I have an instance of nsd running with 50k domains (each with only 6 records) and I get a less continuous output to the log file of:
[1324495953] nsd[14256]: error: malloc failed: Cannot allocate memory
[1324495954] nsd[22167]: warning: xfrd process 14256 failed with status 256, restarting
This is even though there is ~3G free RAM on that box.

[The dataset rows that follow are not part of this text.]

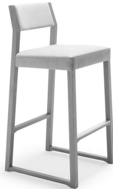
Dimensioni / Sizes (cm) A

B. Il consumo di tessuto è valido per stoffa o ecopelle in tinta unita, rotoli di altezza 140 cm.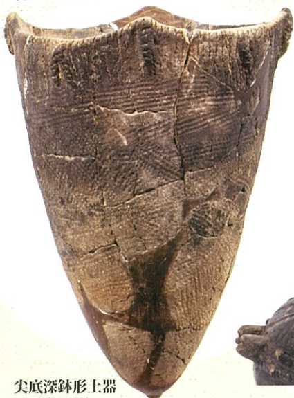
尖底深鉢形土器 下田代納屋遺跡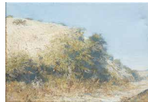
ONDŘEJ MINÁŘ U nádraží, 2016 olej, plátno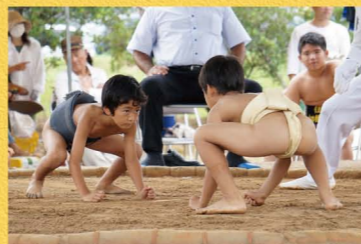
集落ごとに土俵があるほど、奄美では小さい頃から相撲が親しまれている。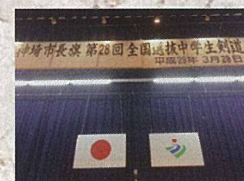
3月29日 全国中学生剣道大会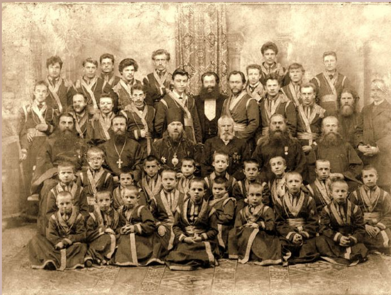
Хор Вятской духовной семинарии, 1900 год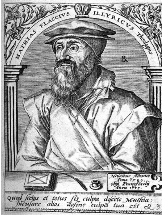
Matija Vlačić Ilirik (1520-1575).

Wittenberga. 9 Luther je bio na njihovu vjenčanju, čime je pokazao respekt i veliko priznanje Vlačiću. I Vlačić je visoko cijenio Luthera. “Lutherove su najbolje godine iza njega” izjavio je Vlačić. “Evo, to je naš stari, častan otac u Kristu, vjerni Božji čovjek i pravi Ilija, koji se kao neustrašivi junak borio pouzdano i sretno protiv Antikrista, svih vrsta krivovjerja i baala. Danas ili sutra će ga naš Gospodin Bog uzeti odavde” 10 (Olson, 2010, 60).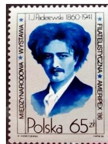
Znaczek Fi 2879 Międzynarodowa Wystawa Filatelistyczna „Ameripex '86”

22 maja 1986 roku został wydany znaczek Fi 2879 z okazji Międzynarodowej Wystawy Filatelistycznej „Ameripex '86” która odbyła się w Chicago.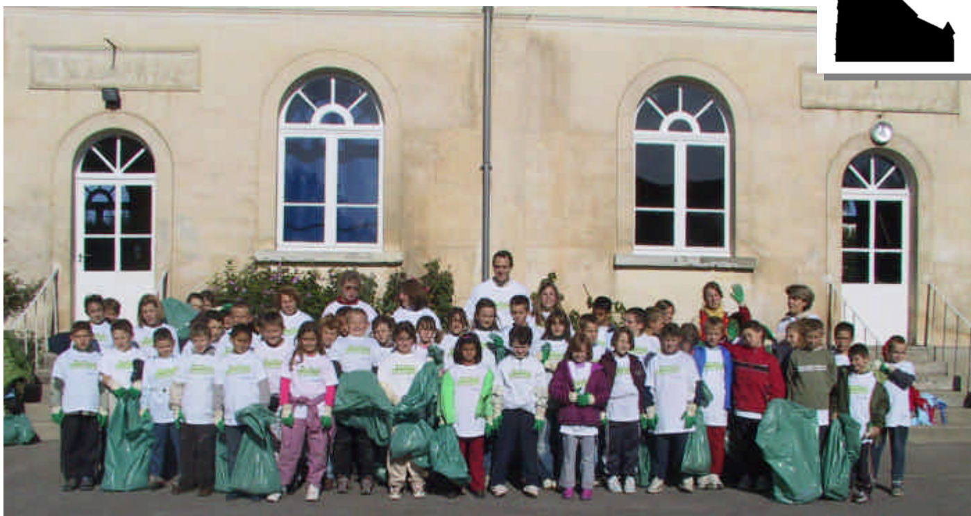
Ils ont nettoyé le village le 25 septembre 2004 et vous raconteront cette aventure dans le prochain journal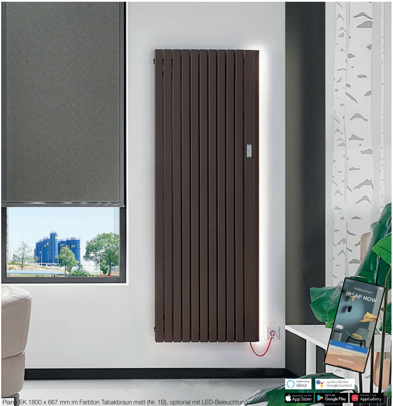
Piano EK 1800 x 667 mm im Farbton Tabakbraun matt (Nr. 1B), optional mit LED-Beleuchtung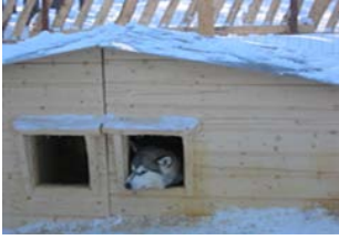
Kuva 9. Uusi kopp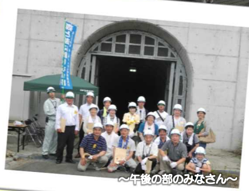
～午後部のみなさん～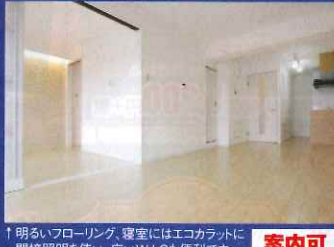
↑明るいフローリング、寝室にはエコカラットに間接照明を使い、広いW.I.Cも便利です 案内可

(株)Uコーポレーション 0586-69-0620 一宮市萩原町高木字味噌屋28 愛知県知事免許(4)第18209号 愛知県知事(敷-28)第50941号 愛知県宅地建物取引業協会会員

This nsd instance is never going to either receive an xfr request nor send notify to another instance. It is strictly the single authoritative server for these domains (they are for e-mail testing, if it matters). Is there any way to disable the xfrd functionality completely? Or do I have to go through and patch the source code to not spawn that child process?
TIA
John
Hello John,
our NSD servers run about 100k zones and we had a number of problems with xfrd too -- terribly high cpu usage during reloads, waste of memory, etc. I sent few reports and patches about these problems in 2010, see e.g. http://open.nlnetlabs.nl/pipermail/nsd-users/2010-February/001071.html, http://open.nlnetlabs.nl/pipermail/nsd-users/2010-March/001078.html. But finally I realized that xfrd code cannot be easily adapted for such a large number of zones and decided to disable it at all. Because most of our DNS operations involve adding or removing a zone, we created our own synchronization that simply distributes compiled nsd.db among nameservers and so xfrd is useless for us.
Attached I send you our patch to disable xfrd in nsd-3.2.9. It's a dirty single-purpose hack but our nameservers run with it nearly 2 years.
I'd like to see an official option to disable xfrd functionality too, but I'm too busy to create a patch that would be suitable for upstream.
You can also try --enable-mmap configure option that replaces malloc-based allocator with mmap-based allocator for zone data. It's primary goal is to address excessive memory usage of xfrd, see my post in the list archive. It's marked as experimental but we have it enabled since March 2010 without issues.
Martin
Dne 24.1.2012 17:46, John Peacock napsal(a):
(attachments)
50_disable-xfrd-nsd-3.2.9.patch (3.27 KB)
Thank you very much! I did a much more simplistic patch (basically commenting out restarting the xfrd child process after the first failure) and resperf reports 42k queries/sec (as opposed to 2k with all of the xfrd thrashing). I tried your patch now, with the mmap flag as well, and now I am getting around 75k queries/sec!
Now if I can figure out why unbound is crashing due to malloc errors (which may be too aggressive tuning on my part), but that is a different list... 
John